**Aim of the exercise**
Exclude the pictures, then repeat exactly each line from the one containing "再过5个小时30分,2011" to the final line of the records that follow.

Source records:
= = = = =
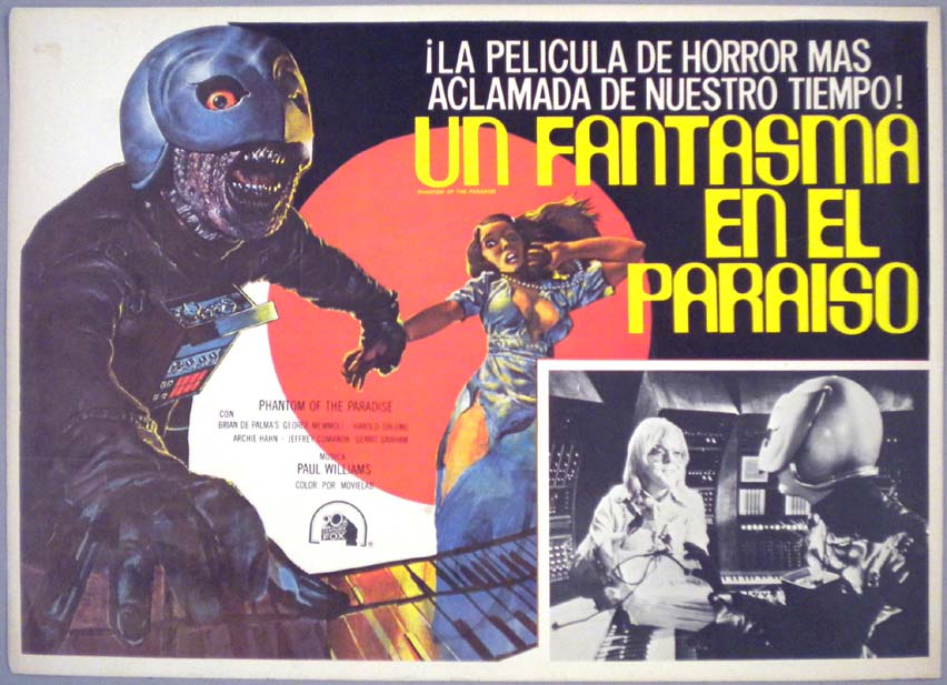 Beautiful Mexican jumbo lobby card (12x16.5") from the 1974 20th Century Fox musical / horror / comedy film, PHANTOM OF THE PARADISE, which starred Paul Williams, William Finley, Jessica Harper, George Memmoli and Gerrit Graham. The film was directed by Brian De Palma. $35 |
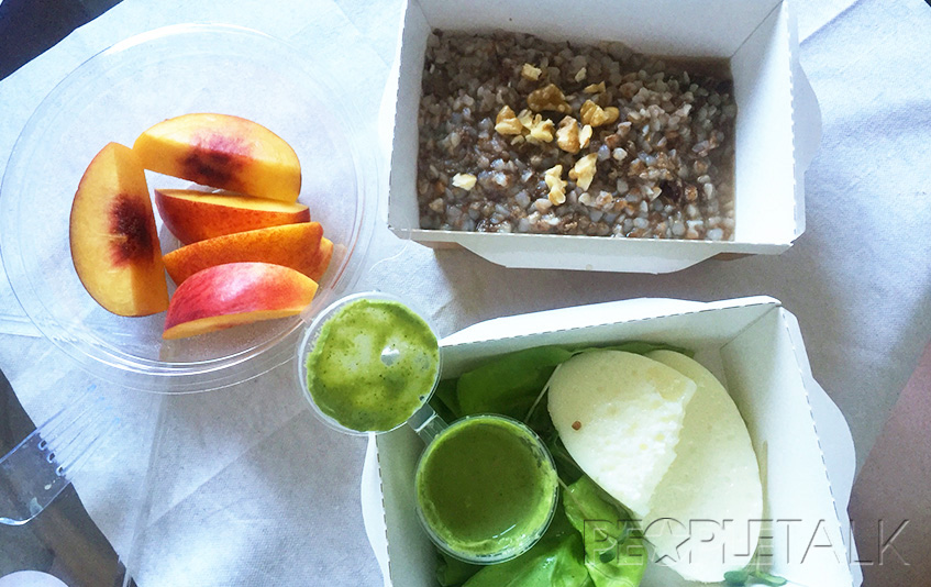 В 8:00 состоялся мой завтрак. На этот раз диетолог прислал мне свежий сок из яблока, сельдерея, лимона, свеклы и корня имбиря, гречневую кашу с орехами и вкуснейший низкокалорийный творог.
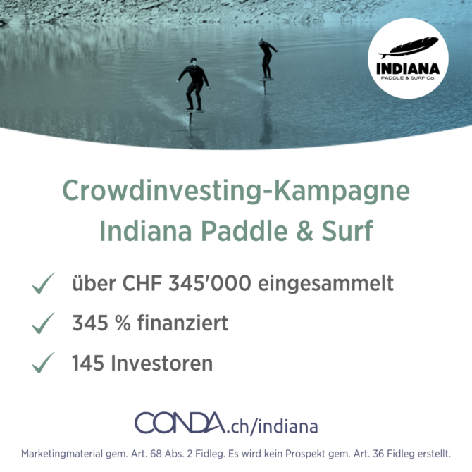 In den letzten Wochen lief die Crowdinvesting-Kampagne von Indiana Paddle & Surf – ein Zürcher Wassersportunternehmen, das SUPs und Foils für anspruchsvolle Wassersportler auf der ganzen Welt anbietet. Heute Nacht ist die Kampagne beendet worden und wir können verkünden, dass die Finanzierung mit 345 % zur Fundingschwelle erreicht wurde. Dabei haben 145 Investoren 345’010 CHF
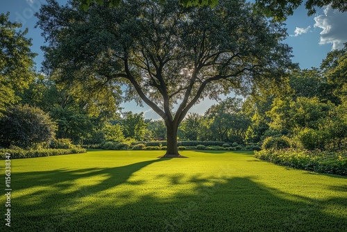 tree, large, lawn, green, nature, garden, background, landscape, scenic, distance, forest, park, beautiful, foliage, environment, summer, garden design, wood, field, natural, flora, leaf, serene, peaceful, sunlight, bright, growth, plant, greenery, scenery, countryside, fresh, rural, tranquil, wide, horizon, fresh air, blue skies, meadow, scenic beauty, lush, vibrant, tree
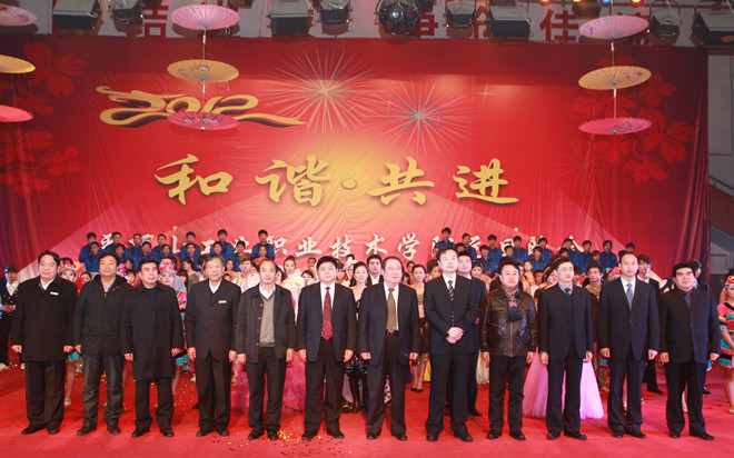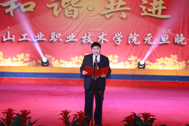 再过5个小时30分,2011年就要过去的时候,以“和谐共进”为主题的平职学院2012年迎新春元旦晚会徐徐拉开序幕。学院党委书记蔡志刚首先致辞。学院名誉院长、工程院院士张铁岗、院长任文杰、党委副书记郑运廷,副院长李幸福、李江明、李树伟、王任远、院工会主席张立方、总会计师徐国强、后勤总公司总经理方万钧、后勤总公司党总支书记张立新观看了演出。晚会由我院工会主办,艺术系承办,学工部、团委、信息中心协办。
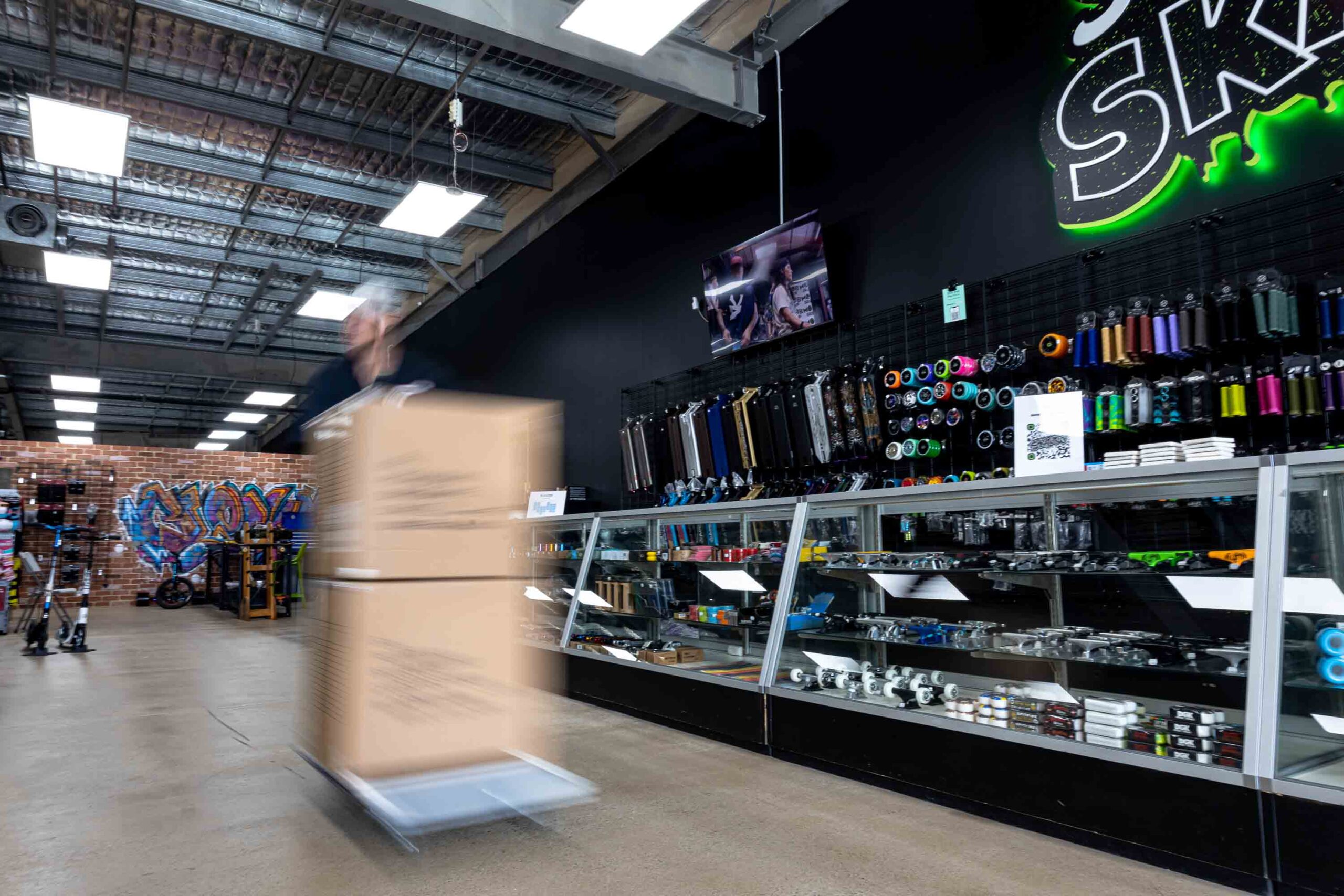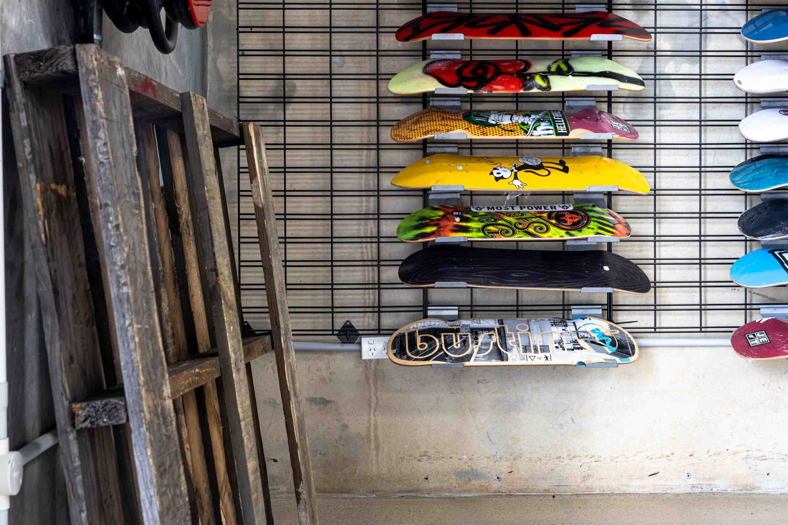 Ultimately, Heath helped the owners of Scooter and Skate create a skate shop that is more than a shop – it’s a relaxed and joyful celebration of skate culture, and a place for the local community to come together to skate, connect, play, and source new gear.
= = = = =
**Answer to this exercise**
 再过5个小时30分,2011年就要过去的时候,以“和谐共进”为主题的平职学院2012年迎新春元旦晚会徐徐拉开序幕。学院党委书记蔡志刚首先致辞。学院名誉院长、工程院院士张铁岗、院长任文杰、党委副书记郑运廷,副院长李幸福、李江明、李树伟、王任远、院工会主席张立方、总会计师徐国强、后勤总公司总经理方万钧、后勤总公司党总支书记张立新观看了演出。晚会由我院工会主办,艺术系承办,学工部、团委、信息中心协办。
 Ultimately, Heath helped the owners of Scooter and Skate create a skate shop that is more than a shop – it’s a relaxed and joyful celebration of skate culture, and a place for the local community to come together to skate, connect, play, and source new gear.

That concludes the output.